Canindé is a Brazilian municipality located in the state of Ceará. It is the 11th most populous city in the state. It is known for being religious, especially during the Saint Francis Party that last one entire week and happens once a year. The municipality receives millions of tourists every year, and the most visited places are the Saint Francis statue and the Saint Francis Church.

History

The Curu River and the Choró River were inhabited by Native Brazilians, the Tapuia. After the 17th century, Portuguese colonizers started habituating the land.

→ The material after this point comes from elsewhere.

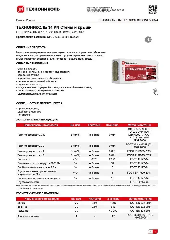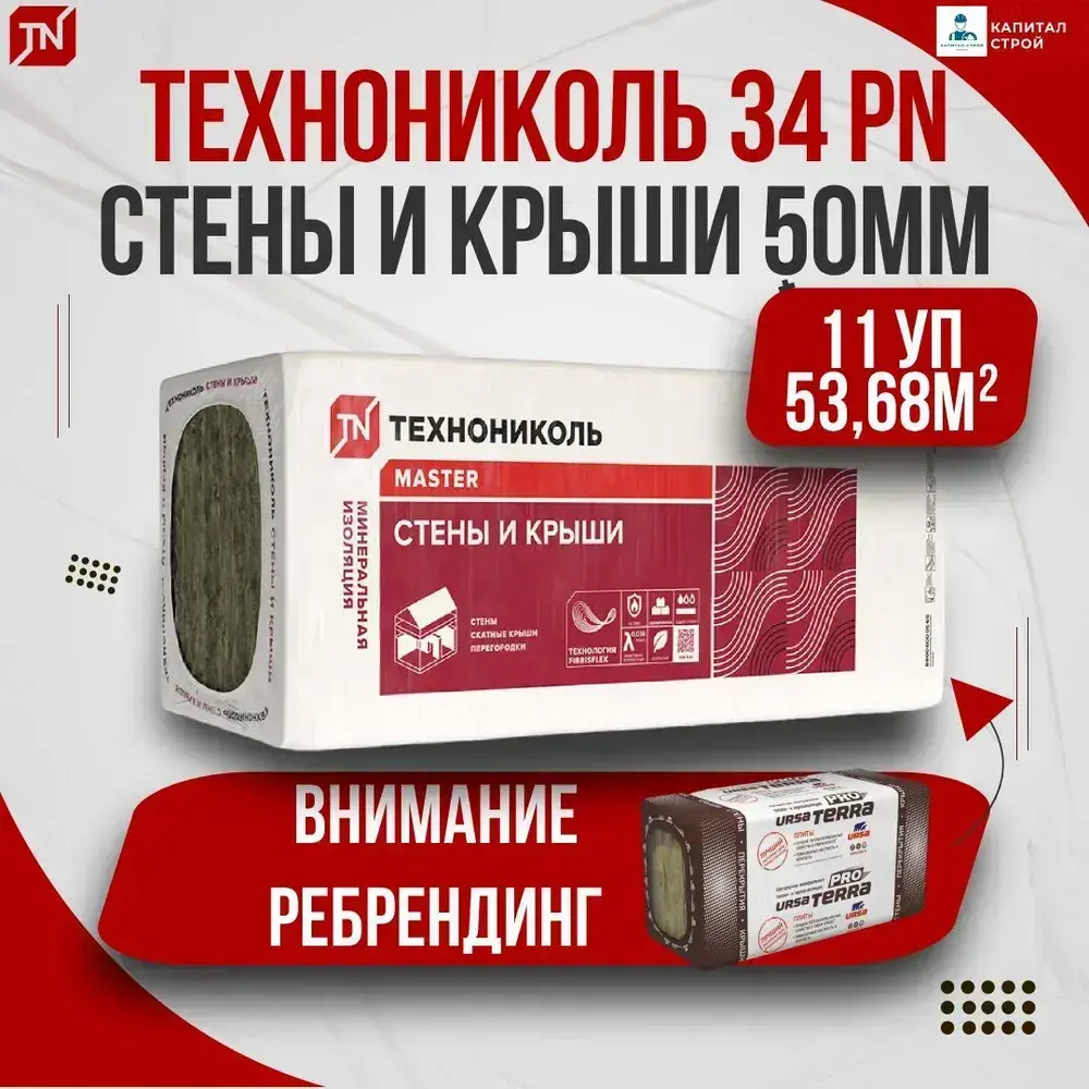 Утеплитель в плитах 53.68 м2 (11 упаковок) минеральная вата 50мм URSA Terra 34 PN PRO для стен, кровли, перекрытий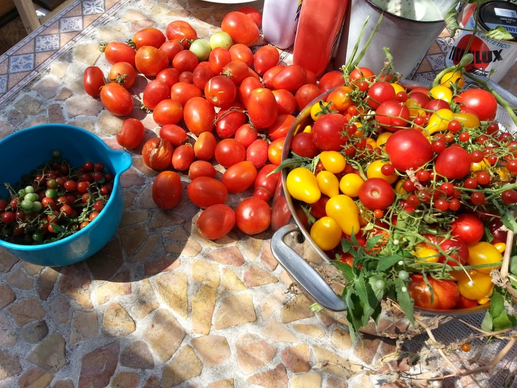 Chillies were hung up on strings to dry, chopped and soused in vinegar or cooked up into the most amazing pepper and mango sauces; and then the tomatoes arrived. They were to prove the bane of my life, as every fresh batch that ripened seemed to coincide with either heavy winds which flattened the canes or sudden thunderstorms which saturated the ground and caused the fruit to explode. There were green tomatoes, plum tomatoes and yellow light bulb shaped tomatoes as well as currant tomatoes and your bog-standard ordinary ones too.

In 1775, Xavier de Medeiros, right at the border of the Canindé River, started building a church for Saint Francis. Nowadays, the church is at the same place; however, it was totally reformulated by the Italian architect Antonio Mazzoti and the painter George Kau. In 1818, Canindé became a village, and on July 29, 1846, the Municipality of Canindé was declared.

Geography

climate

Canindé has a tropical semiarid climate with temperatures that goes from 25 °C to 32 °C

Soil 
The soil in Canindé is composed of non-calcium type (55.14%), litholic (12.52%,), and others (4.04%).

Fauna
Canindé has a semiarid climate and so most of its fauna is composed of animals that are well adapted to it like Canindé birds, armadillos, lizards and sparrow-hawks.

Politics

On June 21, 1847 it was installed the city building in Canindé Downtown.

Education

Canindé has three public high schools: the Paulo Sarasate School, Frei Policarpo School and the School of Professional Education Capelão Frei Orlando and one private high school, theCNEC-Canindé. The city also host a headquarters of the Federal Institute of Education (IFCE).